Operations on sequences

val xs = List(...)
xs.length         // number of elements, complexity O(n)
xs.last           // last element (exception if xs is empty), complexity O(n)
xs.init           // all elements of xs but the last (exception if xs is empty), complexity O(n)
xs take n         // first n elements of xs
xs drop n         // the rest of the collection after taking n elements
xs(n)             // the nth element of xs, complexity O(n)
xs ++ ys          // concatenation, complexity O(n)
xs.reverse        // reverse the order, complexity O(n)
xs updated(n, x)  // same list than xs, except at index n where it contains x, complexity O(n)
xs indexOf x      // the index of the first element equal to x (-1 otherwise)
xs contains x     // same as xs indexOf x >= 0
xs filter p       // returns a list of the elements that satisfy the predicate p
xs filterNot p    // filter with negated p
xs partition p    // same as (xs filter p, xs filterNot p)
xs takeWhile p    // the longest prefix consisting of elements that satisfy p
xs dropWhile p    // the remainder of the list after any leading element satisfying p have been removed
xs span p         // same as (xs takeWhile p, xs dropWhile p)

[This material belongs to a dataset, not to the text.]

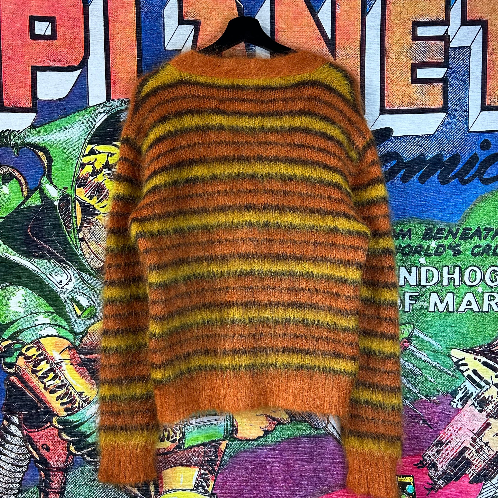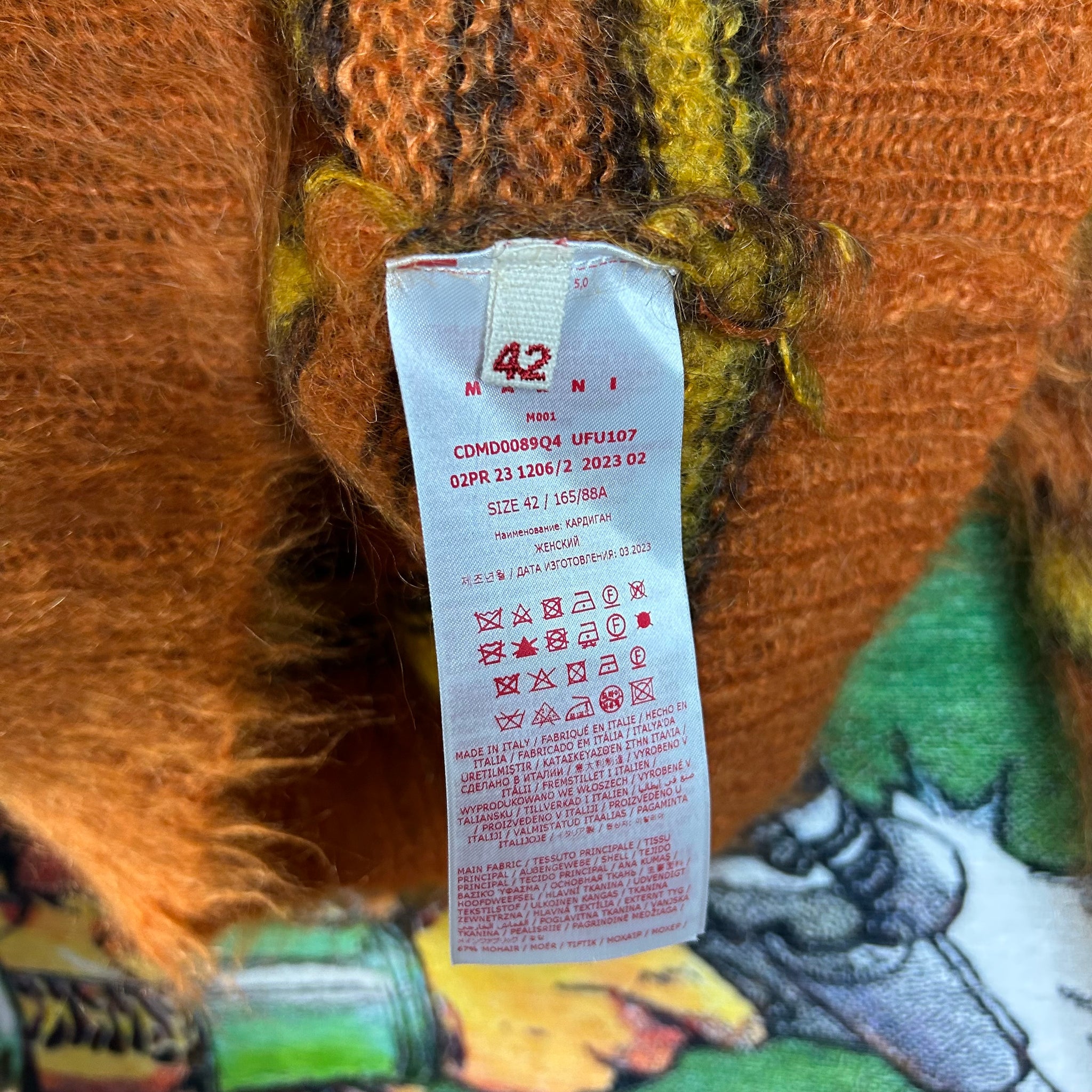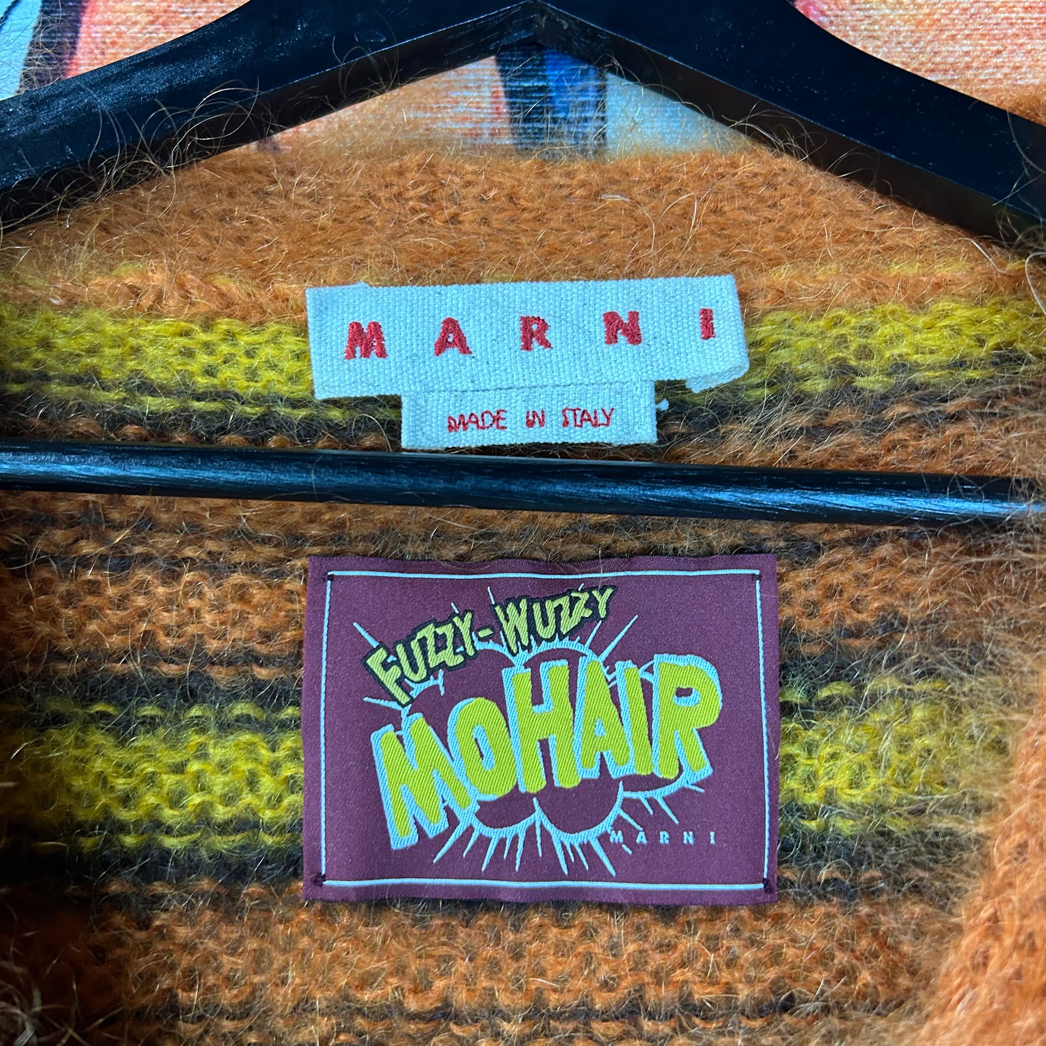 Vibrant and refined, this Marni striped V-neck cardigan showcases the brand’s playful use of color paired with elevated craftsmanship. Featuring bold orange striping and a clean V-neck silhouette, it’s crafted from high-quality mohair fabric that offers both comfort and structure. An easy statement layer that works dressed up or down, perfect for fans of modern luxury with a creative edge.
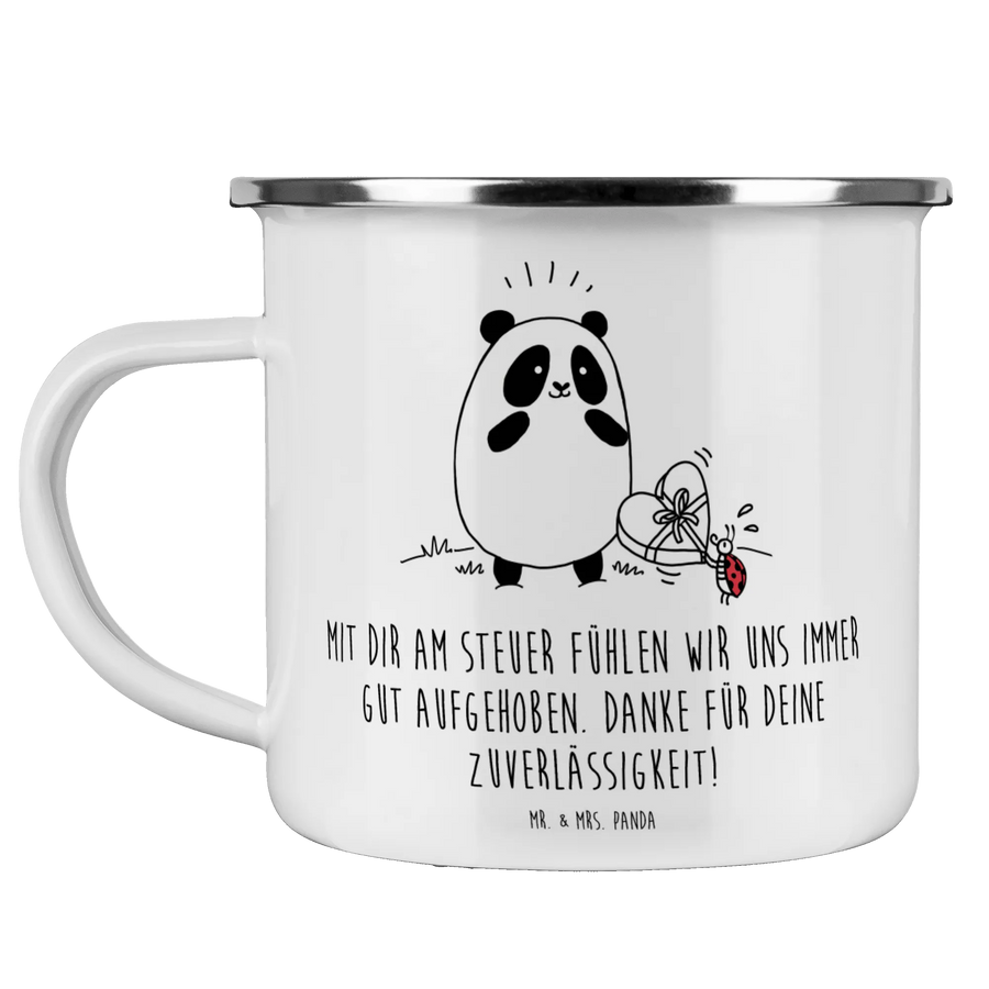Enamel camping mug Mit dir am Steuer fühlen wir uns immer gut aufgehoben. Danke für deine Zuverlässigkeit!

List(x1, ..., xn) reduceLeft op    // (...(x1 op x2) op x3) op ...) op xn
List(x1, ..., xn).foldLeft(z)(op)  // (...( z op x1) op x2) op ...) op xn
List(x1, ..., xn) reduceRight op   // x1 op (... (x{n-1} op xn) ...)
List(x1, ..., xn).foldRight(z)(op) // x1 op (... (    xn op  z) ...)

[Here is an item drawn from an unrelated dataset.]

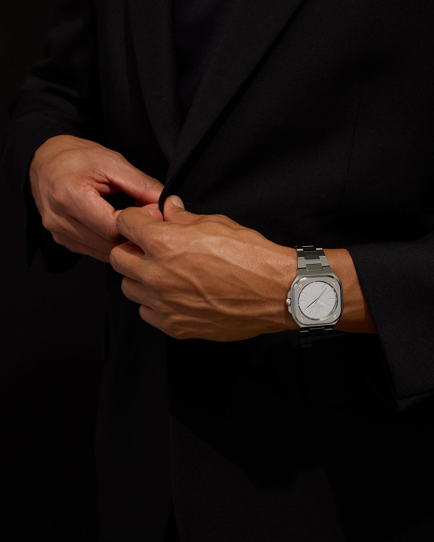 Inside you get the BR-CAL.321-1 automatic, with a quoted 54 hour power reserve. That is mid range modern, enough that you can take it off for a day and still find it running the next morning. The case is the familiar BR 05 square with rounded corners and exposed screws at the lugs, which has always read like a softer, less aggressive take on the original BR 01 instrument square. On the bracelet it should sit close to the wrist and wear larger than the numbers suggest, as most integrated designs do.
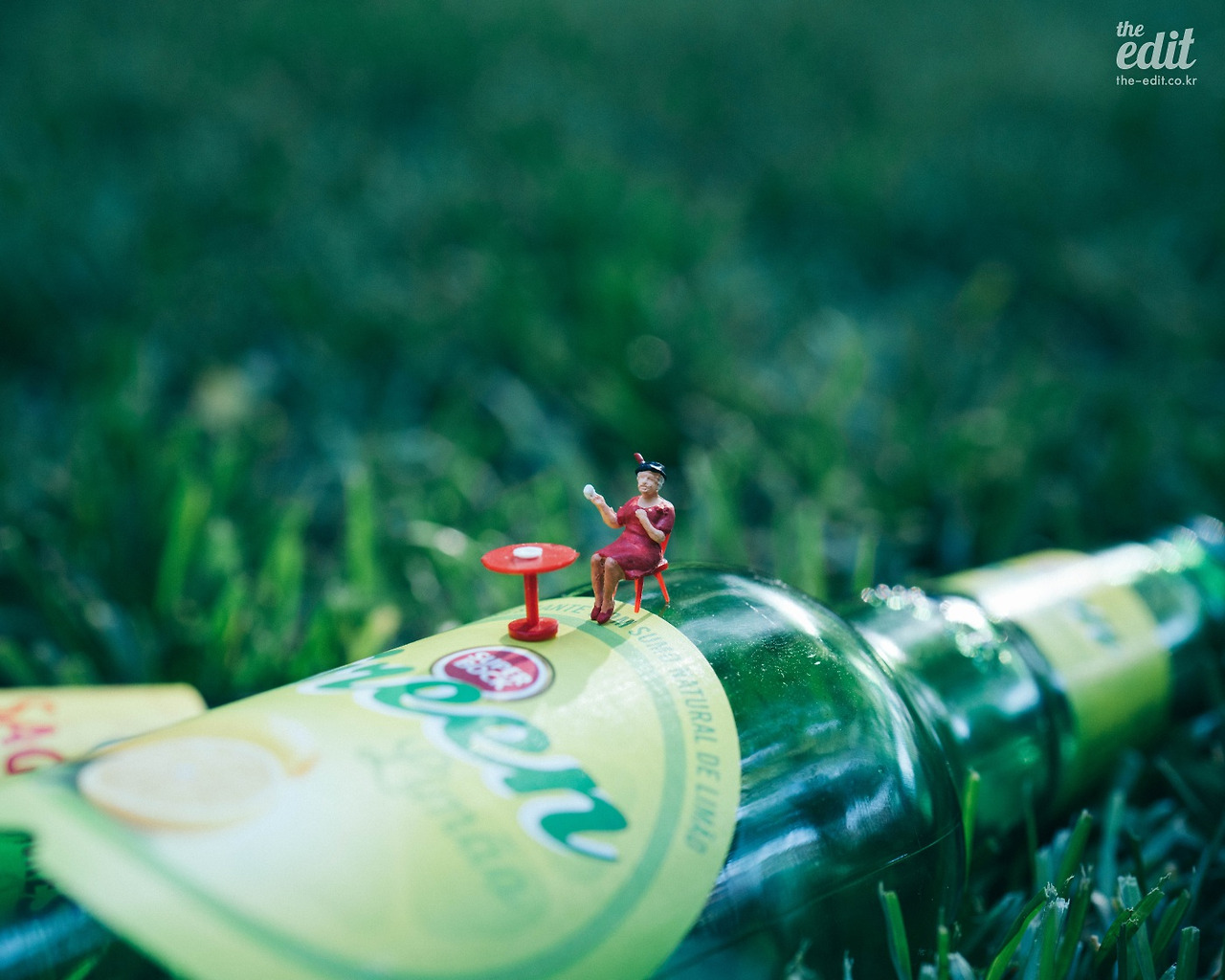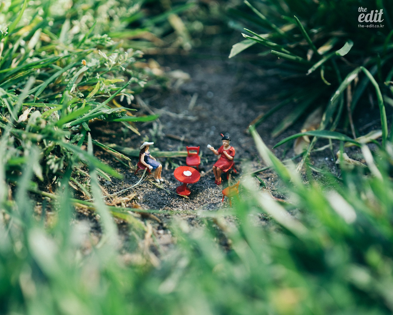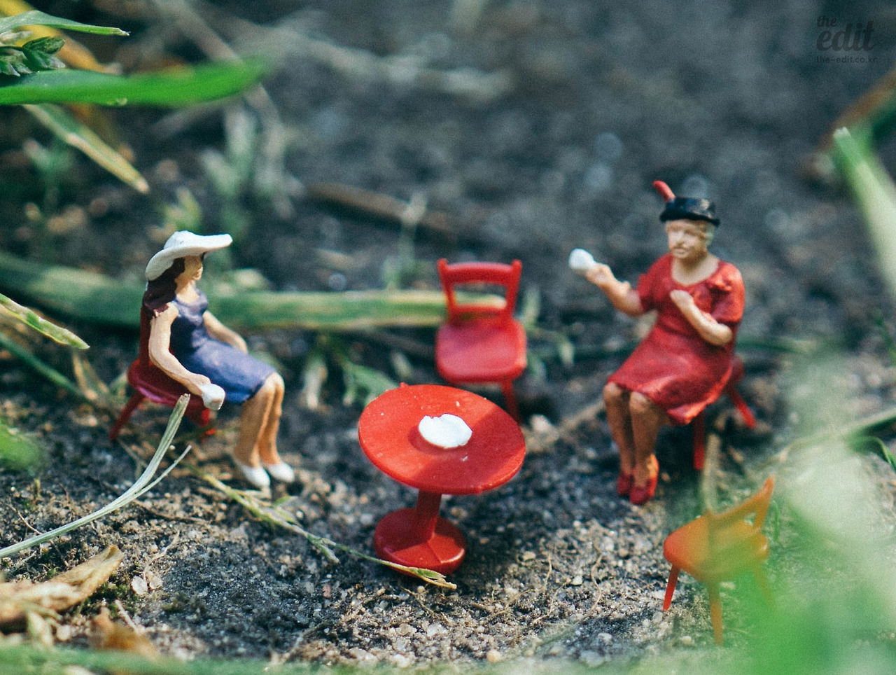 일단 조심스럽게 우아한 두 여자의 티타임을 연출해봤다. 이 과정에서 두 가지 문제가 있었다. 이 피규어가 너무 작아서 잔디밭이 두 사람을 덮칠 것처럼 보인다는 사실. 우아한 정원이 아니라 정글 속의 티타임처럼 공포스러웠다. 게다가 초점 맞추는 게 쉽지 않다. 나의 자부심(?)인 매크로 렌즈까지 꺼내들었지만 피규어 얼굴에 완벽하게 초점이 맞은 사진을 건지기가 어렵더라. 이대로 촬영하다가는 잔디밭에 엎드리게 될 것 같다.

xs exists p       // true if there is at least one element for which predicate p is true
xs forall p       // true if p(x) is true for all elements
xs zip ys         // returns a list of pairs which groups elements with same index together
xs unzip          // opposite of zip: returns a pair of two lists
xs.flatMap f      // applies the function to all elements and concatenates the result
xs.sum            // sum of elements of the numeric collection
xs.product        // product of elements of the numeric collection
xs.max            // maximum of collection
xs.min            // minimum of collection
xs.flatten        // flattens a collection of collection into a single-level collection
xs groupBy f      // returns a map which points to a list of elements
xs distinct       // sequence of distinct entries (removes duplicates)

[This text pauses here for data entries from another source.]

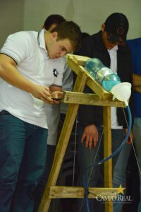 Trabalhando a “engenhoca” a equipe se depara com os cinco fundamentos da Física que são: mecânica, termologia, ótica, ondulatória e eletricidade. “Utilizamos os componentes da física para desenvolvermos o nosso experimento, mas no final das contas é a criatividade que nos motiva mais. Quando tudo dá certo é sinal que seguimos os passos de forma ordenada e a satisfação é grande”, comemora o acadêmico Jean Nilson Prestes.
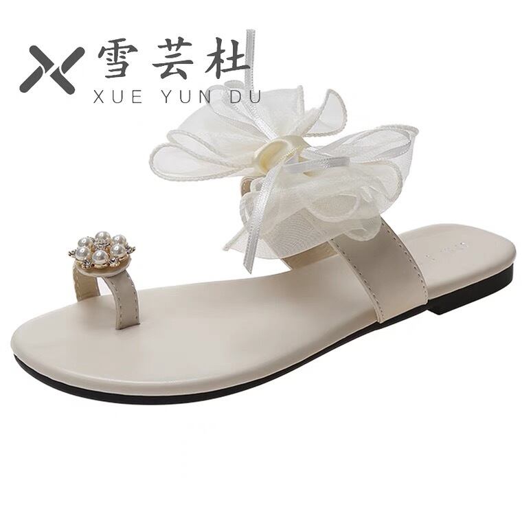 ふわふわのレースのリボン!!親指にキラキラのビージュが可愛い、フラットサンダル♪
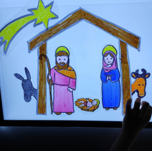 Para presentarles el nacimiento me voy a servir de la mesa de luz, calcando en acetato los pictogramas de sus componentes.

x +: xs           // creates a new collection with leading element x
xs :+ x           // creates a new collection with trailing element x

Pairs (Tuples)

val pair = ("answer", 42)   // type: (String, Int)
val (label, value) = pair   // label = "answer", value = 42
pair._1 // "answer"
pair._2 // 42

For-comprehensions

Syntactic sugar for map, flatMap and filter operations on collections.

The general form is for (s) yield e

// list all combinations of numbers x and y
for (x <- 1 to 5; y <- 6 to 10)
  yield (x ,y)

// is equivalent to
(6 to 10) flatMap (x => (1 to 5) map (y => (x, y)))


for (i <- 1 until n; j <- 1 until i if isPrime(i + j))
    yield (i, j)

// is equivalent to
(1 until n).flatMap(i => (1 until i).filter(j => isPrime(i + j)).map(j => (i, j)))


for (x <- e1) yield e2           // e1.map(x => e2)
for (x <- e1 if f) yield e2      // for (x <- e1.filter(x => f)) yield e2
for (x <- e1; y <- e2) yield e3  // e1.flatMap(x => for (y <- e2) yield e3)

Assertions

Is used to check the code of the function itself.

val x = sqrt(y)
assert(x >= 0)

Operators

Infix notation

• r.add(s) can be replaced by r add s
• myObject myMethod 1 is the same as calling myObject.myMethod(1)

Examples

Newton's method for approximating square root. To compute sqrt(x):

1. start with an initial estimate y (let's pick y = 1).
2. repeatedly improve the estimate by taking the mean of y and x/y

object sqrt {

  def abs(x: Double) = if (x < 0) -x else x

  def sqrt(x: Double) = {

    def sqrtIter(guess: Double): Double =
      if (isGoodEnough(guess)) guess
      else sqrtIter(improve(guess))

    def isGoodEnough(guess: Double) =
      abs(guess * guess - x) / x < 0.001

    def improve(guess: Double) =
      (guess + x / guess) / 2

    sqrtIter(1.0)
  }

  def main(args: Array[String]) = {
    println(sqrt(args(0).toDouble))
  }
}

Recursion factorial (not tail recrusive function)

def factorial(n: Int): Int =
  if (n == 0) 1
  else n * factorial(n - 1)

Word Count

val textFile = io.Source.fromFile("data/pg1661.txt").mkString
val counts = textFile.split("\\s+").groupBy(x => x).mapValues(x => x.length)
counts("Holmes")

Akka

An actor framework written in Scala. It offers an asynchronous, callback-based Actor DSL. Akka doesn’t doesn’t provide lightweight threads but relies on JVM threads to schedule actors. Rather than a library, Akka is a full-service framework, covering everything from configuration and deployment to testing.